PROBLEM DESCRIPTION
Repeat, exactly as they appear, the lines from the one with "Vans 本身的街头属性完美展现,而最显眼的设计便是在鞋身侧部的那根从鞋帮一直延伸到鞋面的金属拉链,著名的 YKK" through the last line of the entries below, but none of the pictures.

### RECORDED INFORMATION ###

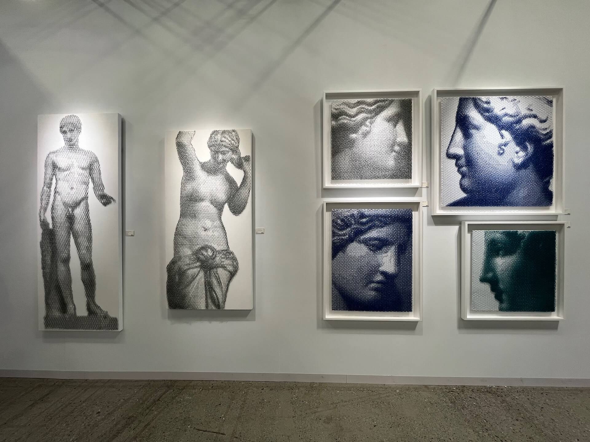 具有專業攝影背景的Giorgio Tentolini喬治,擅長拆解分析圖像的光影對比。他的經典系列以手工切割的鐵絲網為創作媒材,重新演繹古典雕塑、建築等主題。在單色背景上,帶有六邊形網眼的鐵絲網經過切割、層層交織後,形成疏密不一的構圖。近看時就像模糊不清的低像素攝影作品,但將觀賞距離拉遠,搭配現場燈光照射後,作品全貌才會漸漸顯現出來。
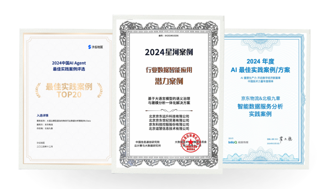 整体解决方案框架基于 “AI for Data” 理念,结合京东自研大模型以及京东物流的 UData 数据平台,构建从数据治理到数据应用的全链条 AI 解决方案,覆盖数据分析全流程,从用户提出问题、获得洞察到了解行业动态。
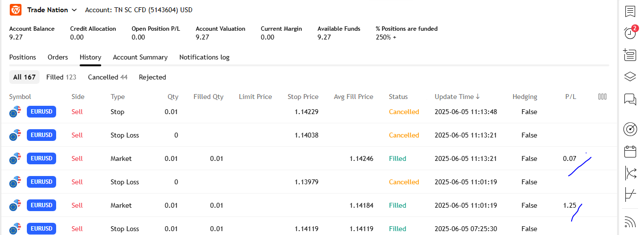 I'm net BE for the month. Monday was a losing day for me. Tuesday was a small profit, because I was stopped out on my first sell trade yesterday. Today was good.
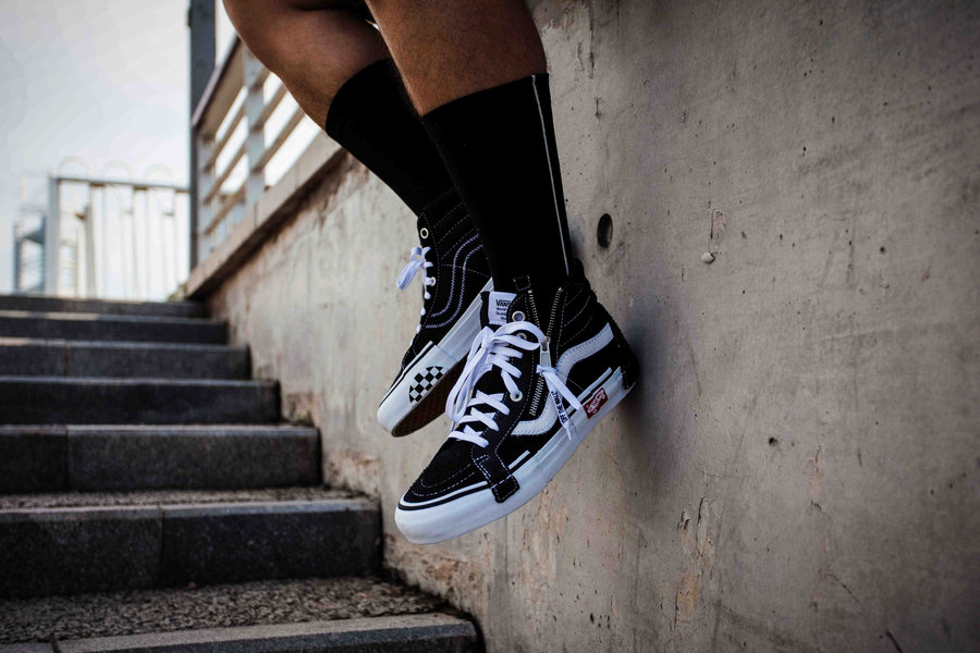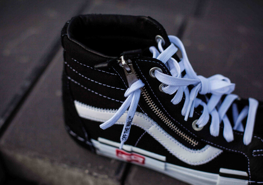 同时鞋带孔处的设计手法也将 Vans 本身的街头属性完美展现,而最显眼的设计便是在鞋身侧部的那根从鞋帮一直延伸到鞋面的金属拉链,著名的 YKK 拉链头上甚至还系着半根剪断的鞋带,印着那句经典的 Slogan:“OFF THE WALL”。
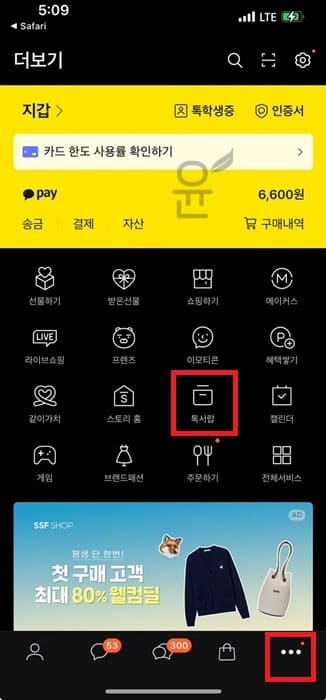 카카오톡 메인에서 더보기 버튼을 클릭합니다. 그리고 더보기 화면에서 톡서랍 메뉴를 클릭합니다.
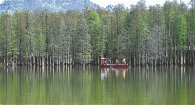 图为保洁工作人员正在乘船清理青山湖水上森林区域湖面的漂浮物。据了解,保洁人员每天都要乘船巡湖,保障湖区环境卫生。
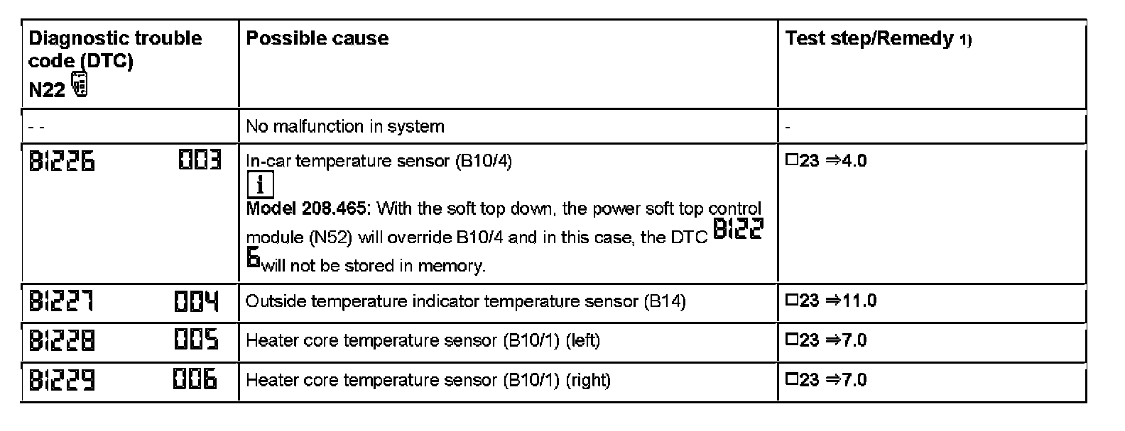 - The A/C pushbutton control module (N22) has DTC memory and data output. The diagnostic trouble codes and data are displayed via the temperature display window. The stored DTC's will remain in memory even with the vehicle battery disconnected.

###

EXERCISE OUTPUT
 同时鞋带孔处的设计手法也将 Vans 本身的街头属性完美展现,而最显眼的设计便是在鞋身侧部的那根从鞋帮一直延伸到鞋面的金属拉链,著名的 YKK 拉链头上甚至还系着半根剪断的鞋带,印着那句经典的 Slogan:“OFF THE WALL”。
 카카오톡 메인에서 더보기 버튼을 클릭합니다. 그리고 더보기 화면에서 톡서랍 메뉴를 클릭합니다.
 图为保洁工作人员正在乘船清理青山湖水上森林区域湖面的漂浮物。据了解,保洁人员每天都要乘船巡湖,保障湖区环境卫生。
 - The A/C pushbutton control module (N22) has DTC memory and data output. The diagnostic trouble codes and data are displayed via the temperature display window. The stored DTC's will remain in memory even with the vehicle battery disconnected.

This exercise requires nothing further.